2.3. AQP4 Extracellular Epitope Peptides Blocked the Binding of AQP4-IgG to the Spinal Cord Tissue, Thus Protecting the Animal from the NMOSD Model

Before testing on an animal model, we first tested whether the epitope peptides could block the binding of NMOSD patient serum to spinal cord tissue from Lewis rats. After the tissue was incubated with NMOSD patient serum and an anti-GFAP antibody overnight, human IgG antibodies were labeled with a fluorescence-conjugated secondary antibody. The FITC-positive area (GFAP) in the spinal cord also bound the human IgG. This co-localization demonstrated that IgG from NMOSD patient serum bound specifically to astrocytes. When the epitope peptides were added to the serum, the Loop A epitope peptide significantly reduced the human IgG-labeled area at the superficial lamina of the spinal cord. The Loop C epitope peptide almost eliminated the human IgG-labeled area in both white and gray matter. The Loop E peptide only reduced the human IgG-labeled area slightly (Figure 2).

Next, we injected patient serum and human complement into the spinal cord at the L4 level (Day 0). On day 1, the animals began to present with a progressively increasing motor dysfunction score, which peaked on days 3~4 (Figure 3A,B). This result was consistent with previous reports that NMOSD serum plus complement injected into the spinal cord could induce motor dysfunction. Then, the AQP4 extracellular epitope peptides were separately added to the serum specimen mixture 1 h before injection. As our data suggested, incubation with the Loop C peptide resulted in a significant improvement in motor function from the beginning of day 2 (Figure 3A). Furthermore, Loop C peptide incubation drove the motor dysfunction scores back to baseline (levels observed in the healthy serum group) from the beginning of day 4 until the end of the observation period.
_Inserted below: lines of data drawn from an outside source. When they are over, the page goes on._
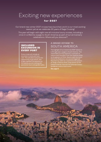 4The highlight of our brand-new 2027 season is a 73-night epic voyage to South America. This remarkable journey explores a continent of colours and contrasts, from the rhythms of Rio to the glaciers of Chile. Stand under the iconic Christ the Redeemer and ascend Sugarloaf Mountain by cable car, experience the passion of Tango in Buenos Aires, drop anchor at the Falkland Islands, discover the ethereal Chilean fjordlands, and so much more!See page 8.A GRAND VOYAGE TO SOUTH AMERICAEvery cruise will include an excursion in every port you visit. This will allow everyone the opportunity to go ashore, and to get a perfect introduction to the places you are visiting with panoramic tours and guided walks.INCLUDED EXCURSION IN EVERY PORTOur brand-new winter 2027 cruises have launched, and it is our most exciting season yet as we celebrate 30 years of Saga Cruising! The year will begin with eight new all-inclusive luxury cruises, including a once-in-a-lifetime voyage to South America as part of our anniversary celebrations. Where will you discover?Exciting new experiencesfor 2027
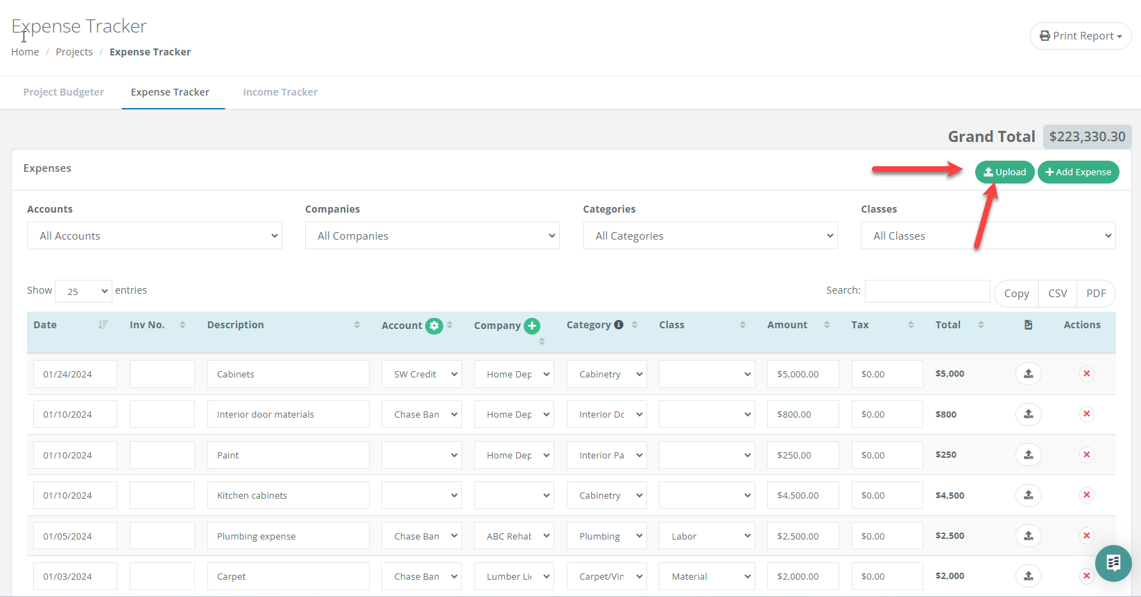 Use the Upload button in the top right of the Expense Tracker to bulk import transactions. This tool is designed to quickly sync data from your bank accounts, credit cards, or accounting software.
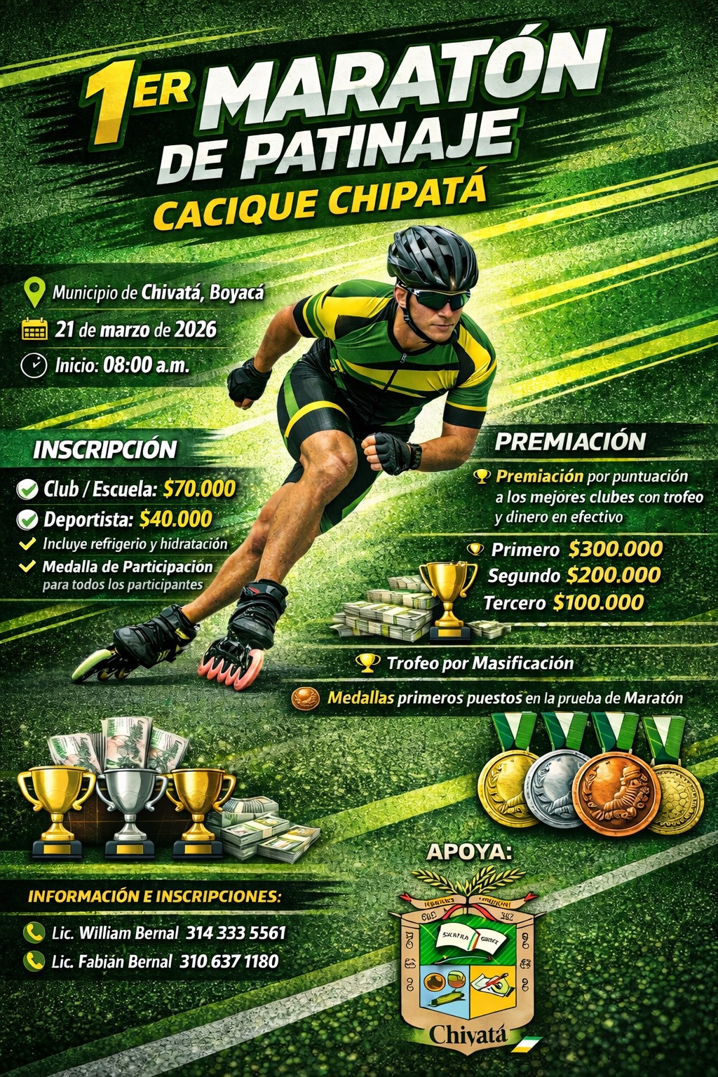 Como parte del proceso de aprendizaje y competencia que se ha venido realizando en la localidad de la provincia de Centro, el municipio de Chivatá será sede de la Primera Maratón de Patinaje Cacique Chipatá, que se escenificará el próximo 21 de marzo.
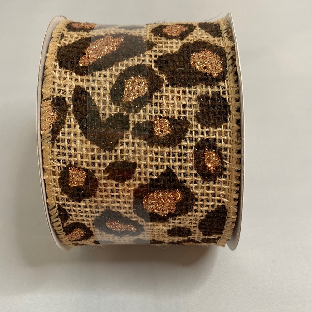 New 2.5 Inch x 21 feet Wired Leopard Print Ribbon is burlap with leopard print.
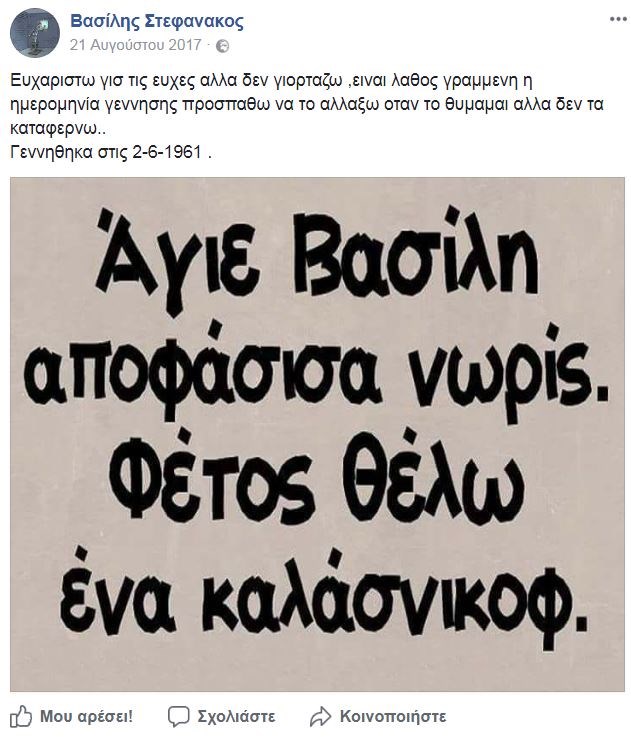 Λίγους μήνες πριν την εν ψυχρώ δολοφονία του, ο Βασίλης Στεφανάκος, είχε κάνει μία ανάρτηση στο facebook, στην οποία αναφερόταν στο όπλο με το οποίο τελικά, οι εκτελεστές του αφαίρεσαν τη ζωή.
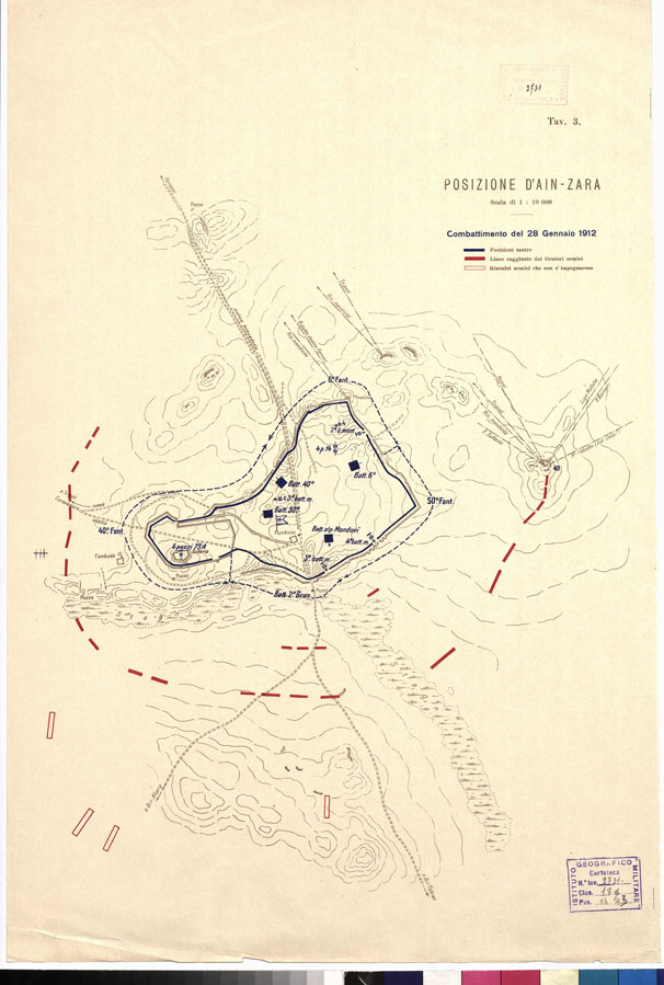 "Combattimento del 28 gennaio 1912. Scala 1:10.000. Dieci tavole a colori bistro per la planimetria e l'orografia (curve o tratteggio), azzurro per le acque, rosso per le indicazioni di carattere militare... dal 20-12-1911 AL 30-06-1912"
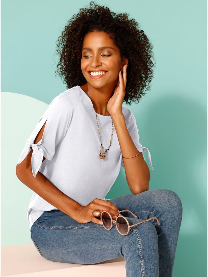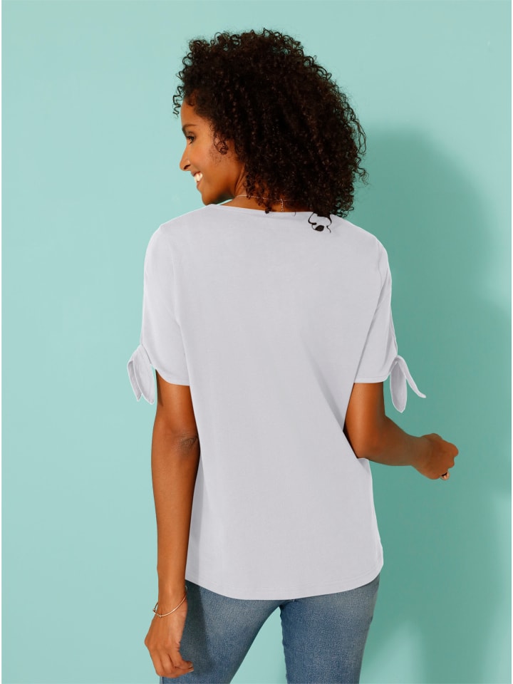 По отличной цене: рубашка великолепного дизайна с небольшим разрезом и завязкой на манжете рукава.
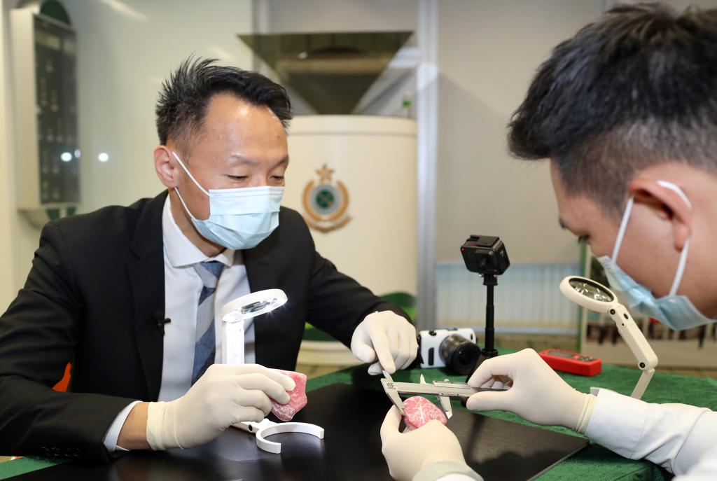 香港海關情報科監督劉玉龍(左)和同事察看玉石(8月18日攝)。新華社記者 李鋼 攝
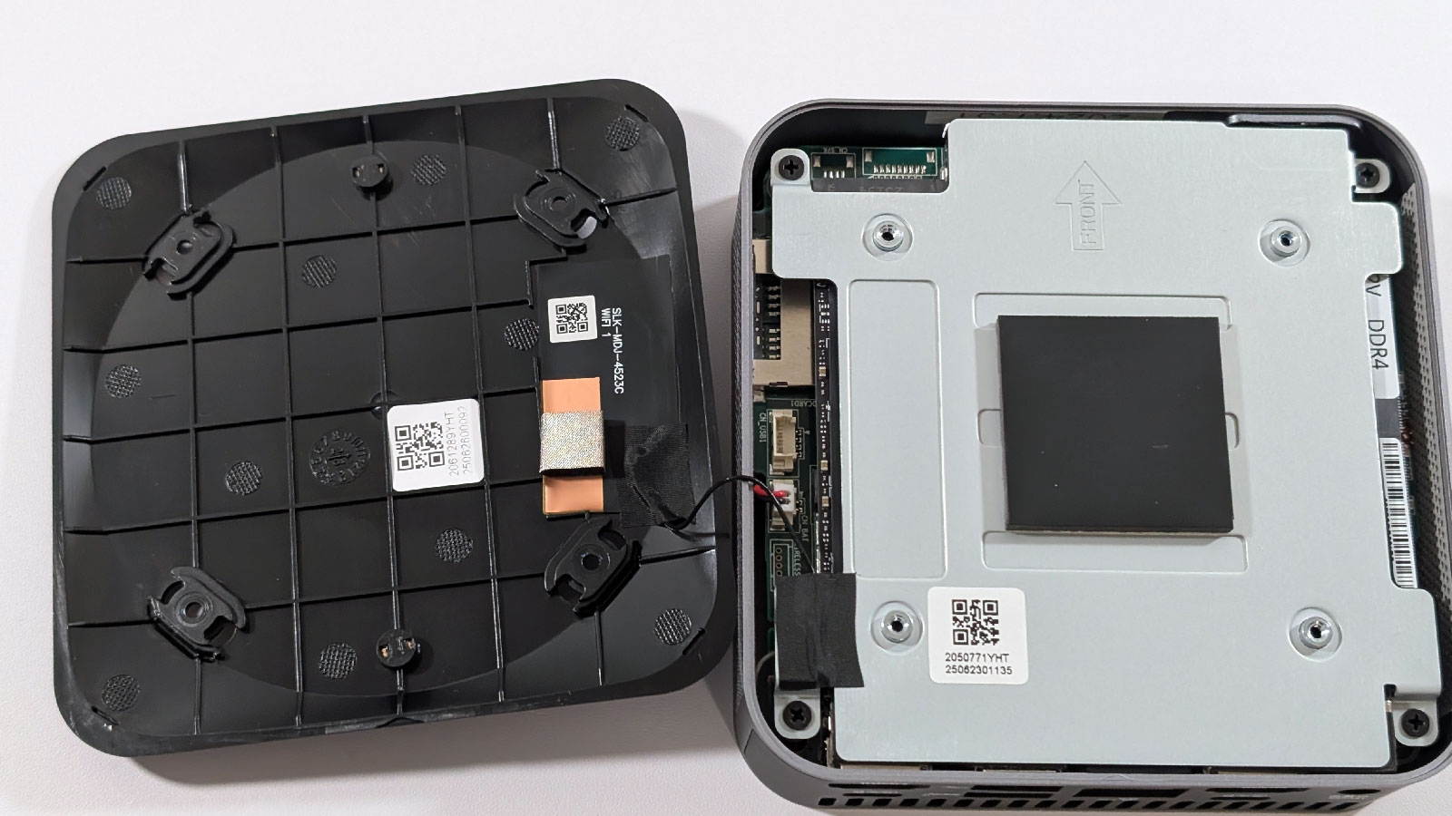 裏蓋を開けるとさらに鉄板でマザーボードが保護されており、これも四隅にあるネジを回して外すことで開けられます。

A t-test indicated a large significant difference (p < 0.0001) between the Loop C + NMOSD serum group and the NMOSD serum group (Figure 3A). The Loop A peptide also reduced the changes in behavior when compared with the behavior of the NMOSD serum group (Figure 3A). However, the motor behavior of rats treated with the Loop A peptide was still significantly worse than that of the healthy serum group (Figure 3A). The Loop E peptide did not affect the motor dysfunction induced by the NMOSD serum plus complement injection (Figure 3A). Our behavior observations in the NMOSD animal model showed that AQP4 extracellular epitope homologous peptides could protect the spinal cord against NMOSD serum-induced damage. However, post-treatment (injection of mimotopes 24 h after serum) they showed no effect on the NMOSD model (Figure 3B).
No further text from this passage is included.